There is exactly one way to screw it up.
Leverage.
— Fred Krueger (@dotkrueger) December 19, 2024
The mood is indicative of the wider dangers that leverage presents to traders, both institutional and individual. Leveraged holdings are particularly risky amid sudden changes in the market since they increase both possible gains and losses.
Expectations for the Santa Rally Despite Volatility
Some market players are still hopeful for a year-end revival in spite of the recent upheaval. The idea of a “Santa rally,” in which asset values increase during the Christmas season, has been alluded to by analysts such as Pav Hundal of Swyftx and Jamie Coutts of Real Vision.
Tightening liquidity was evident for 2 months. Brace and watch the whites in the eyes of the central planners if this escalates. Buying opp incoming. https://t.co/ftgesVUq4H
— Jamie Coutts CMT (@Jamie1Coutts) December 20, 2024
Hundal described today’s state of situation as “short-term angst,” implying that the bullish mood of the previous month would reappear. He said that more volatility or a rebound might be fueled by the market’s response to recent events, such as Federal Reserve policies and conjecture around Donald Trump’s upcoming administration.
In line with past trends when pullbacks during bull runs were followed by higher highs, Coutts and other analysts see the current decline as a possible buying opportunity. During the last Bitcoin bull run, Franzen noted nine such drops that preceded new all-time highs.
Market Expectations Are Shaped by Political Factors
Beyond current market conditions, cryptocurrency investors are paying attention to Donald Trump’s coming inauguration as the 47th president of the United States in January 2025. A U.S. Bitcoin strategic reserve is one of the possible regulatory changes that market players are thinking about.
Hundal said that when businesses consider expectations for crypto regulation and more general economic measures, there would likely be volatility around Trump’s administration.

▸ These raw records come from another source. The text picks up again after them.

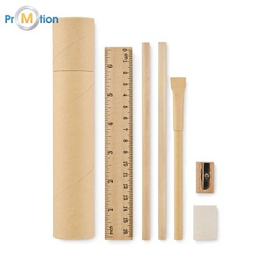 School writing set in a tube with logo print
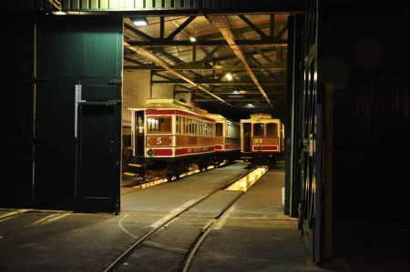 Late evening on the 8th of September 2015 at Derby Castle Top Shed, with Cars No.5 and No.21 on Road 1 and Car No.22 on Road 2. © Andrew Scarffe
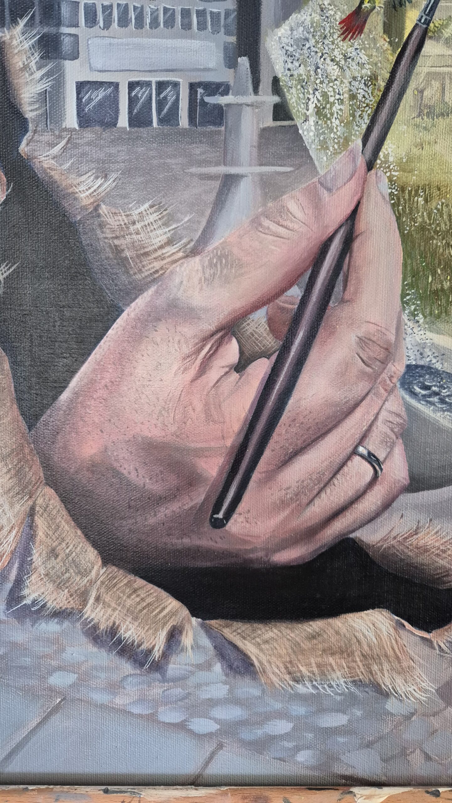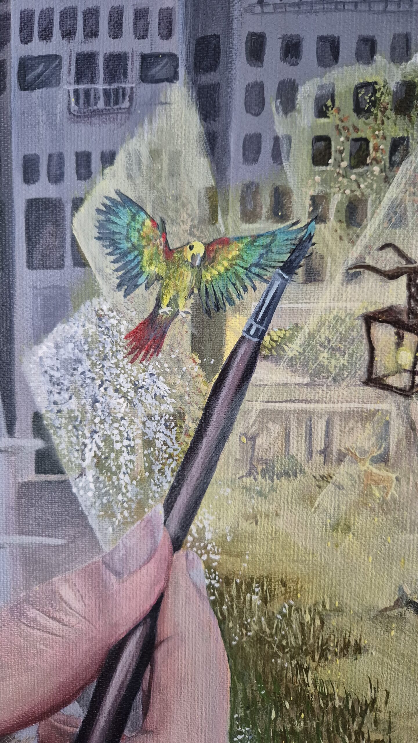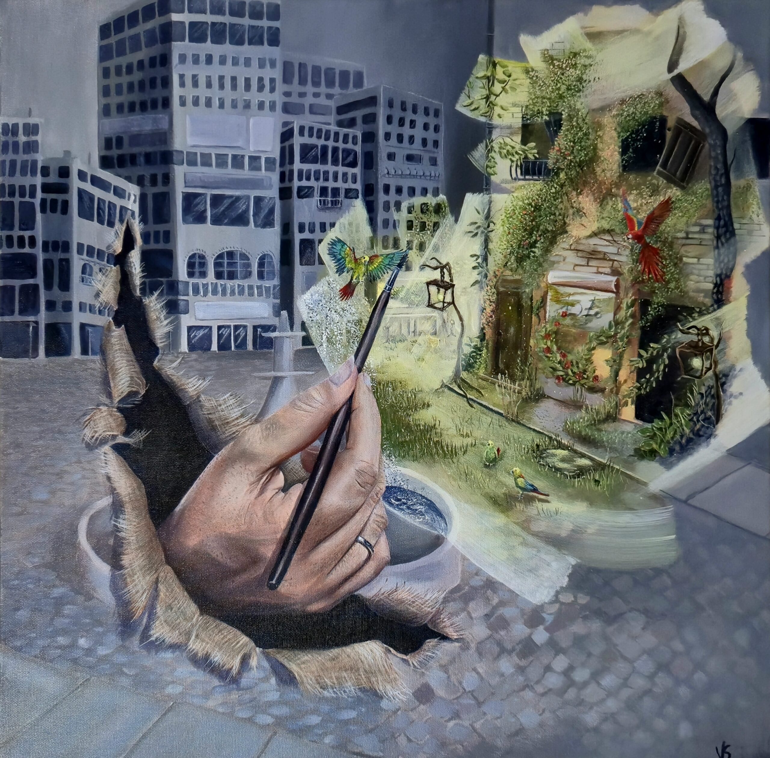 Ind igennem lærredet kommer den kreative hånd og sætter kulør på den grå og kedelige hverdag. Jeg elsker ud af lærredet temaet, og jeg er virkelig glad for hvordan dette maleri er blevet. Materialer Akryl på Lærred Størrelse 50x50cm Pris 2500,-
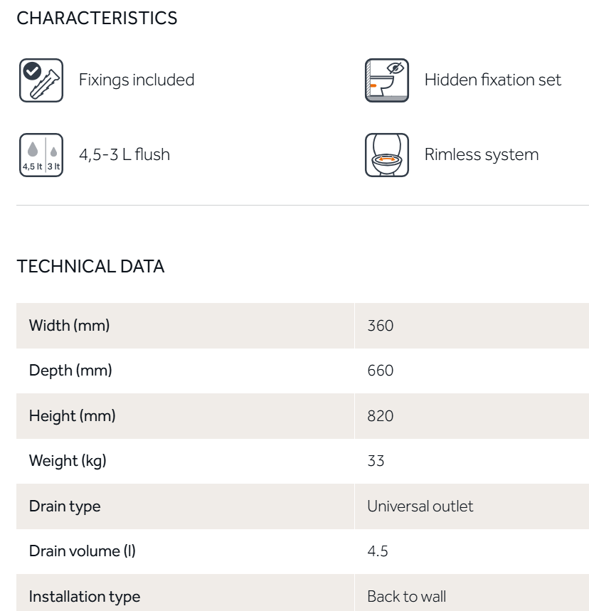 DOL100 MIRTO UNIVERSAL BACK TO WALL TOILET

In the upcoming months, this uncertainty may cause the cryptocurrency market to fluctuate even more.
Some analysts advise caution, while others see this pullback as a normal part of a larger bull market. The next stage of cryptocurrency price changes will probably be shaped by the interaction of market mood, political events, and Federal Reserve policy.
Traders and investors must balance the possible benefits of engaging in an erratic yet quickly changing market against the hazards of leveraging positions when faced with uncertainty. It remains to be seen if the market undergoes a protracted decline or if the expected Santa rally occurs. The takeaways from this incident, however, are unmistakable: risk management and planning are crucial for surviving in the volatile cryptocurrency market.